We persevere, and it’s God who preserves us. In the worst moments of pain, my faith in God’s goodness seemed so flimsy. I couldn’t think about long-term faith, only the next step in front of me.

But God used the breath-by-breath moments of perseverance to teach me that it was safe to trust him for the next step. He may not have removed my suffering when I wanted him to, but he was with me in the midst of it. My suffering revealed that it was God who kept me, protecting my heart for eternity (1 Pet. 1:5–7).

Showcasing Christ

Suffering has a way of taking up residence in your life and mind as the only thing that matters. It’s difficult to pull your thoughts away from aching joints that flare up every night or the draining side effects of treatment and medication.

But God can still work in our tunnel vision. He used the persistent pulse of pain to wither my self-sufficiency. When disease had stripped my body of its former confidences and fogged my mind with confusion, I had nothing left to stand on beside the work of Christ within.

The world watches how we Christians handle suffering. It may feel awkward to say to your unbelieving friend that God hasn’t removed your pain though he could, but the opportunity to speak of his faithfulness in your suffering is fertile soil for gospel witness.

I had just such an opportunity when an unbelieving friend pondered my confidence in God’s goodness, though I still dealt with chronic pain. “I wish I could believe in something so solidly,” she told me. This was the door I had long prayed to walk through, and I did so armed with the good news of Christ, grateful for the hinge of pain on which the door swung.

Looking to Christ

Peter points us to Christ over and over in his letter as one who suffered unjustly but victoriously. Christ suffered for us—showing us how to suffer well. And Christ suffered because of us—hanging on the cross in our place. He exhausted God’s wrath for our sin so we can enjoy the limitless, eternal, imperishable weight of glory that comes after we’ve suffered a little while. He will certainly keep us until that Day appears (1 Pet. 1:5).

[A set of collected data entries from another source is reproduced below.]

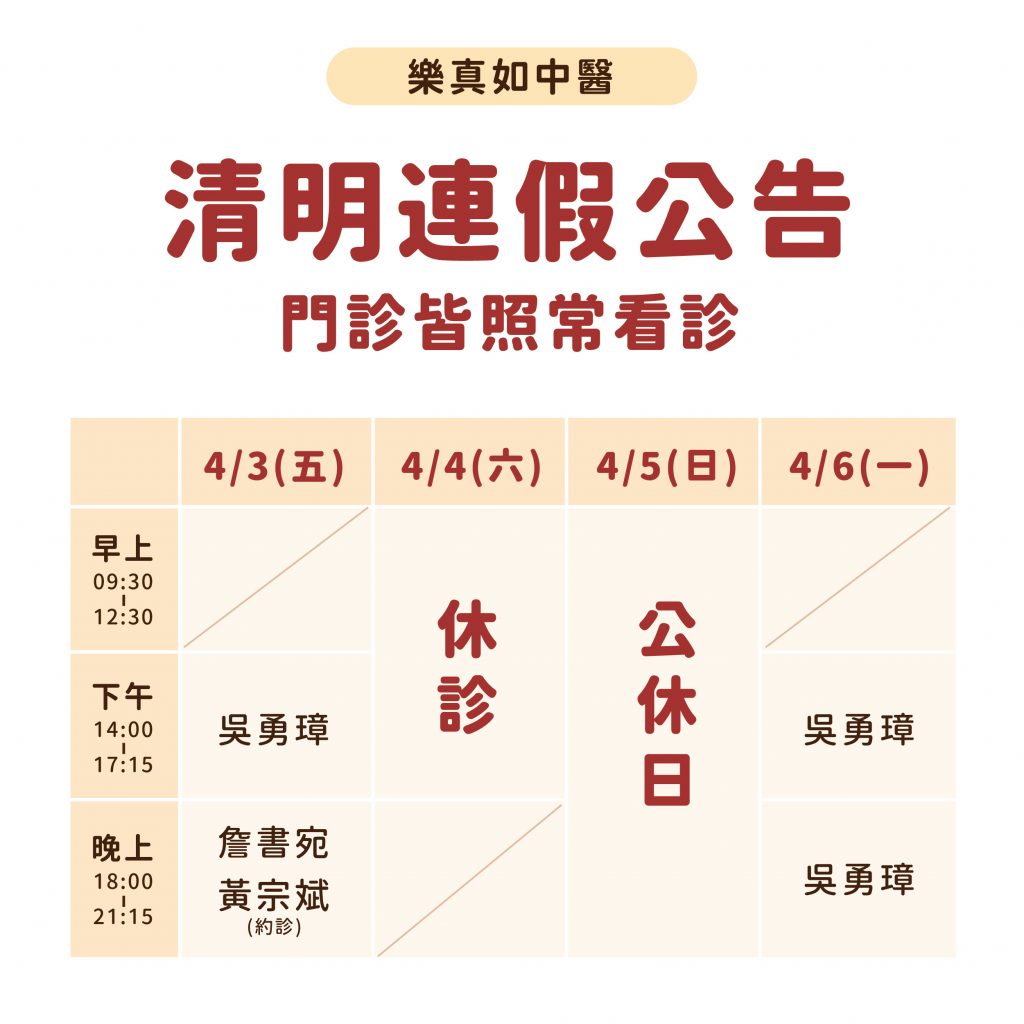 【樂真如】清明連假門診異動公告 發佈日期: 2026 年 3 月 29 日2026 年 3 月 29 日 作者: zhenju 清明連假期間 4/4 週六休診一天 4/5 週日公休 其餘皆照常看診 – 門診時刻詳見下圖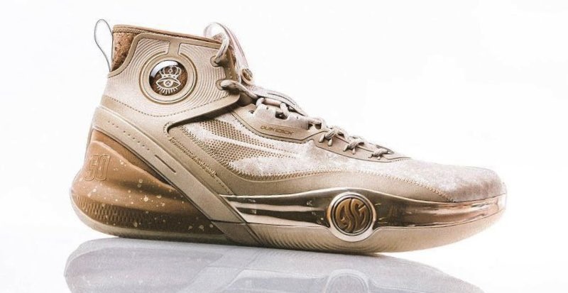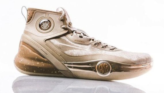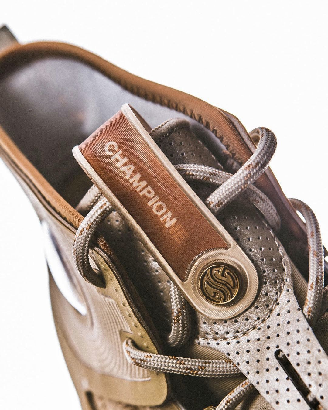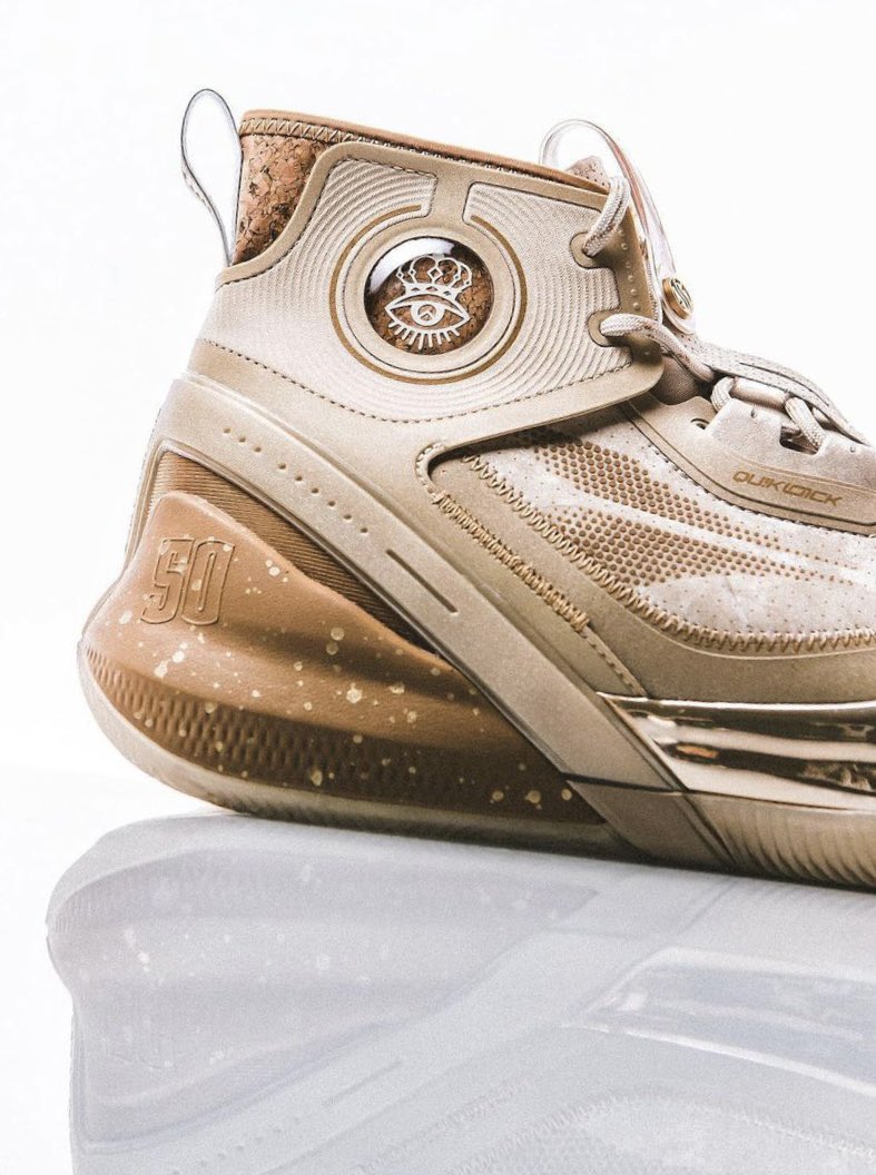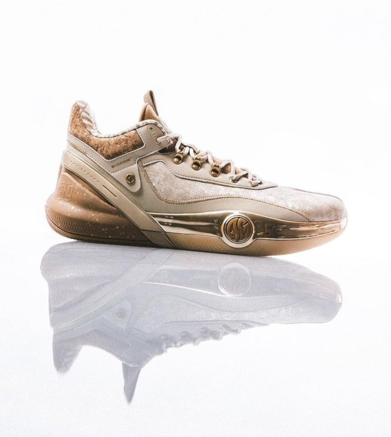 Pas encore disponible pour le grand public, le modèle s’articule entre marron et beige au niveau de la tige et de la semelle, avec pour principale originalité ses touches de liège figurant au niveau du col et du talon, comme sur l’un des récents coloris de la Curry 10. D’autres détails comme le numéro 50 du joueur sur la semelle intermédiaire et l’inscription “Champion” complètent l’ensemble.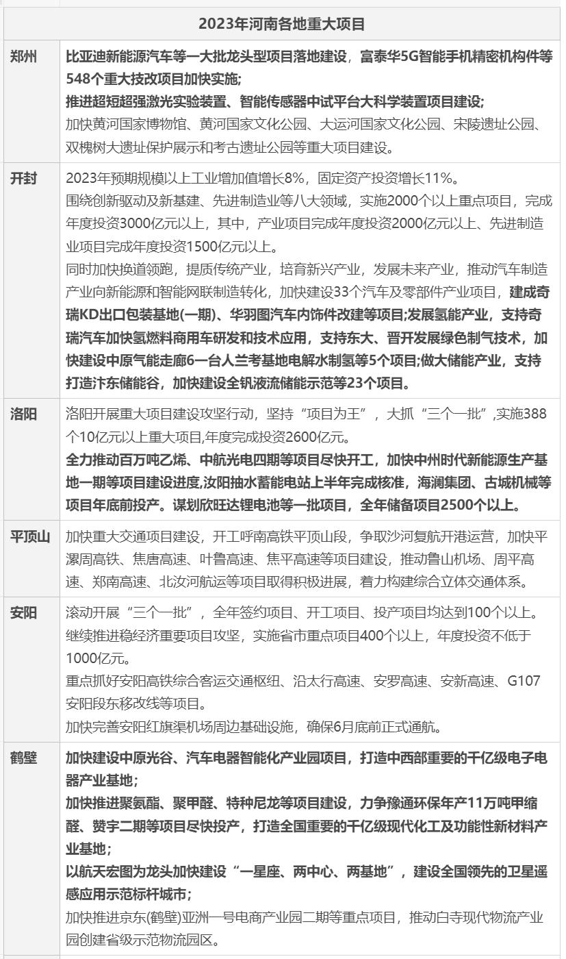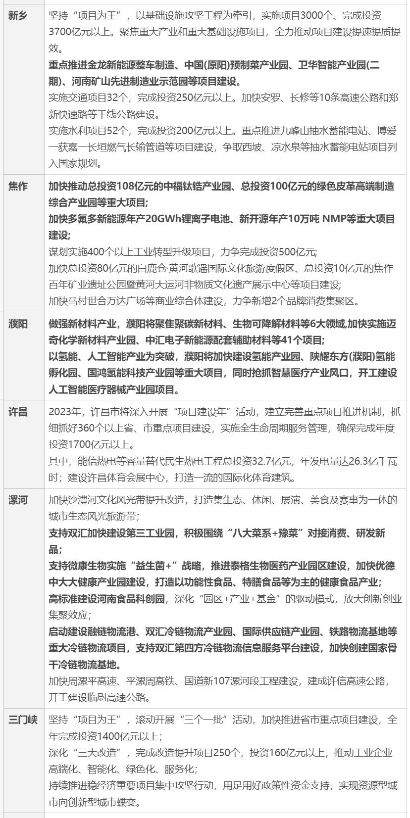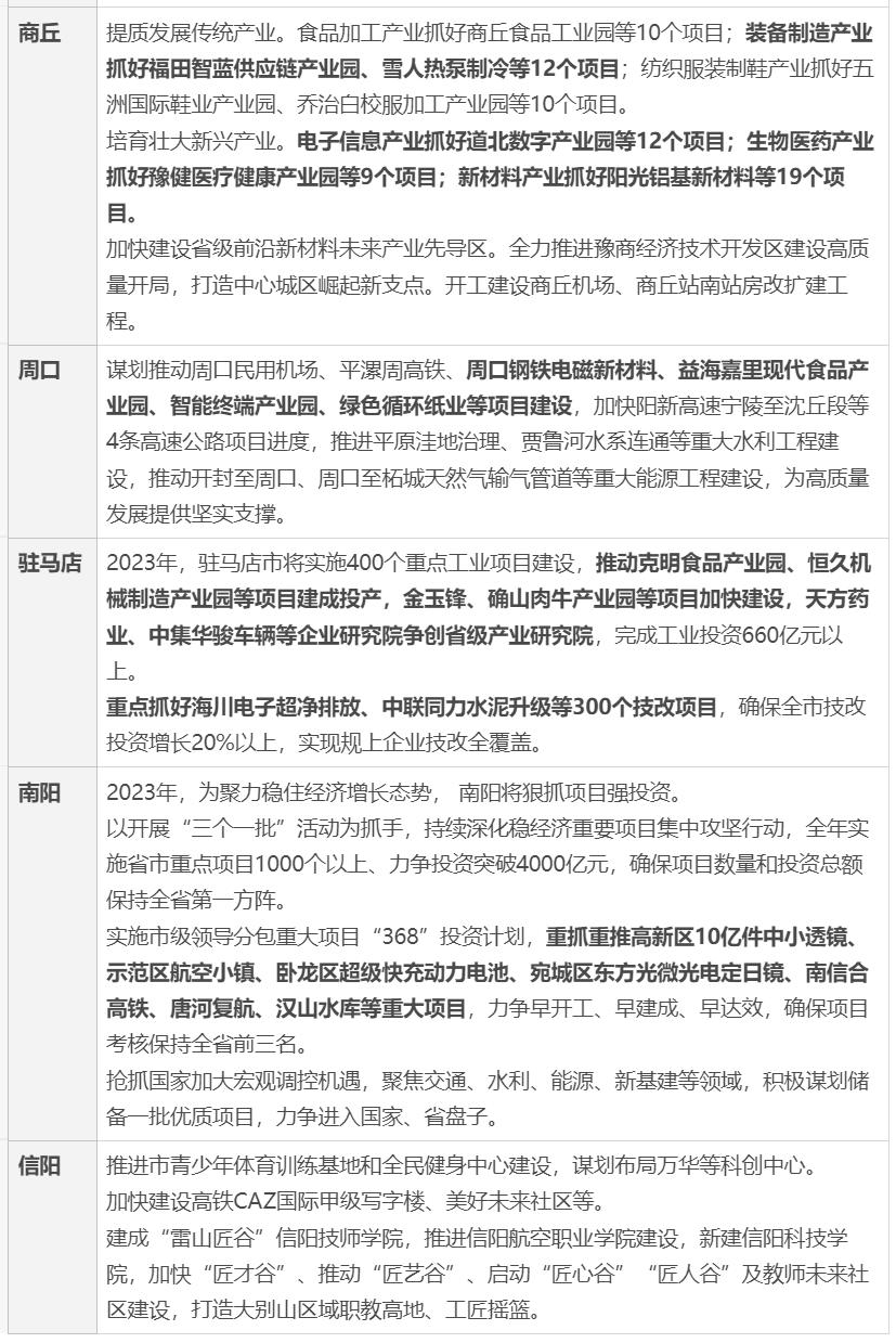 2023年工作计划:按照省委、省政府部署,2023年,春节假期后第一天将举行全省第七期“三个一批”活动,初步预计全省将分别集中签约、开工、投产项目400个、1000个、800个以上,总投资分别超过3500亿元、6000亿元、5000亿元。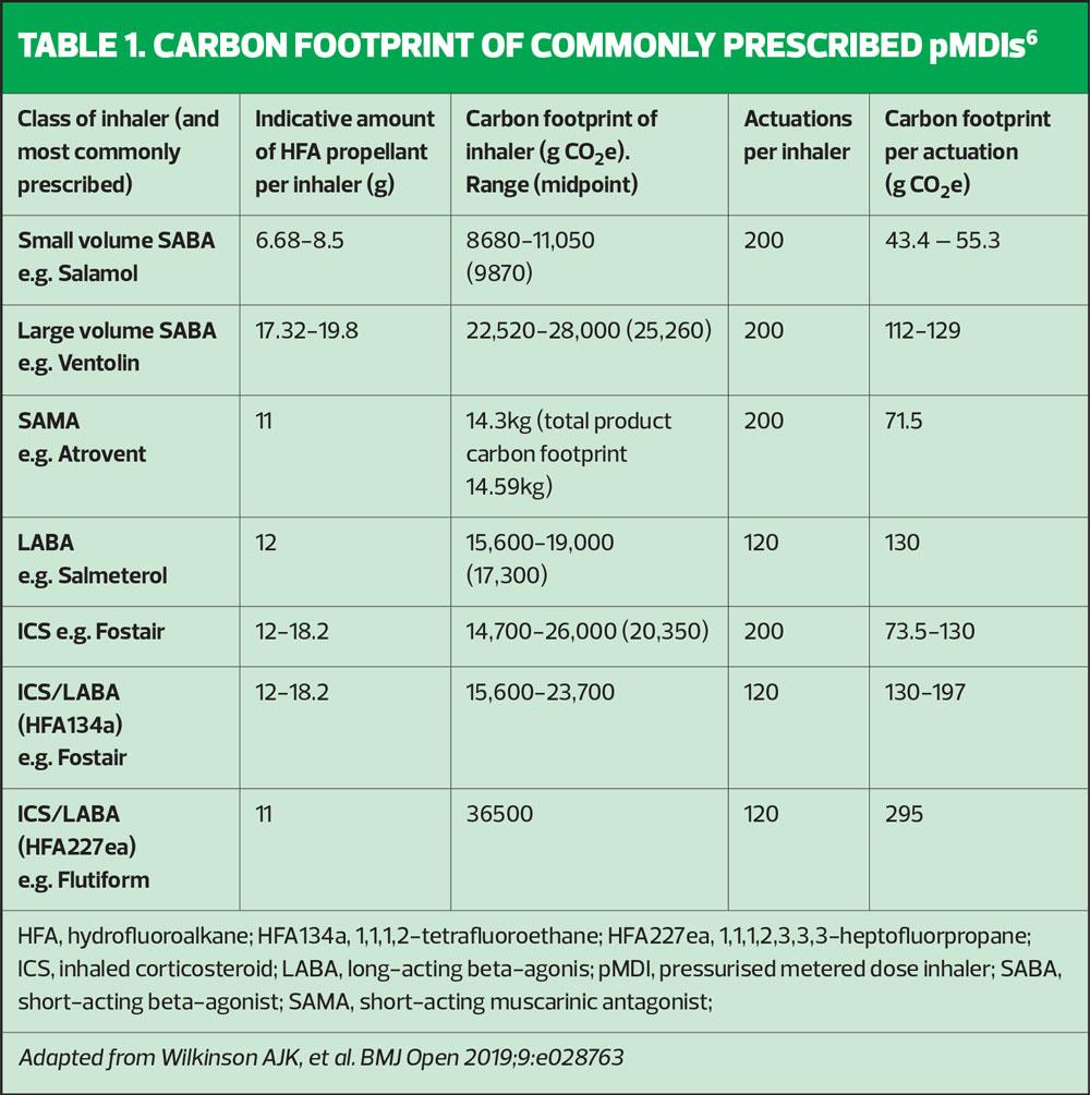 Authors of the study, published in BMJ Open, say switching to DPIs, or small volume HFA MDIs instead of high volume HFA inhalers could achieve substantial carbon savings (Table 1).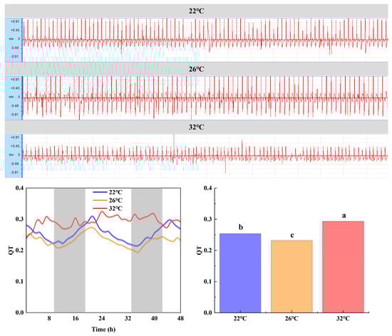 Differences among the temperature groups were analyzed using one-way ANOVA followed by Tukey’s HSD test for multiple comparisons (α = 0.05). Time-series data (circadian rhythms) were evaluated via repeated-measures ANOVA. Data processing was conducted using MATLAB R2014b, visualization was performed with Origin2024, and the calculation of H was implemented using Python 3.9.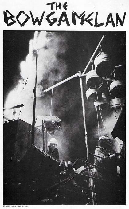 Another appealing trait was Bankside Power Station’s position beside the Thames. Bean, Burwell and Richard Wilson, a sculptor, knew the river intimately. They had first met at artists’ studios at Butler’s Wharf, on the South Bank near Tower Bridge. Burwell and Wilson both had boats, and ‘out of curiosity’, explains Bean, the three of them explored the Thames and its smaller tributaries. During a boat trip up Bow Creek in 1983, the trio formed what became known as Bow Gamelan Ensemble, and their work quickly became associated with the river. For their work The Navigators 1989, they spent six weeks living on a flotilla of barges on the Thames, presenting a series of waterborne performances.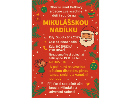 Obecní úřad Petkovy zve na Mikulášskou nadílku v sobotu 6. 12. 2025 od 16 hodin na sál do Hospůdky.

I could finally walk through suffering’s next door with confidence that the road beyond was paved with God’s care.

Because he has given us every spiritual blessing in Christ, we can tread the path of suffering knowing that Christ traveled it first and shows us how to press on (1 Pet. 2:21).

Though my years with chronic pain were the most difficult of my life, God’s faithful work produced the fruit of perseverance that prepared me for the next trial. I could finally walk through suffering’s next door with confidence that the road beyond was paved with God’s care.

If God has ordained a door of suffering for you to walk through, you can trust he’s invested in both your perseverance and also your restoration (1 Pet. 5:10). You can step across the painful threshold knowing that the road beyond is incomparably short in light of the inheritance that has been bought and kept for you.

One foot in front of the other, Christian. You don’t suffer without purpose, and you don’t suffer alone.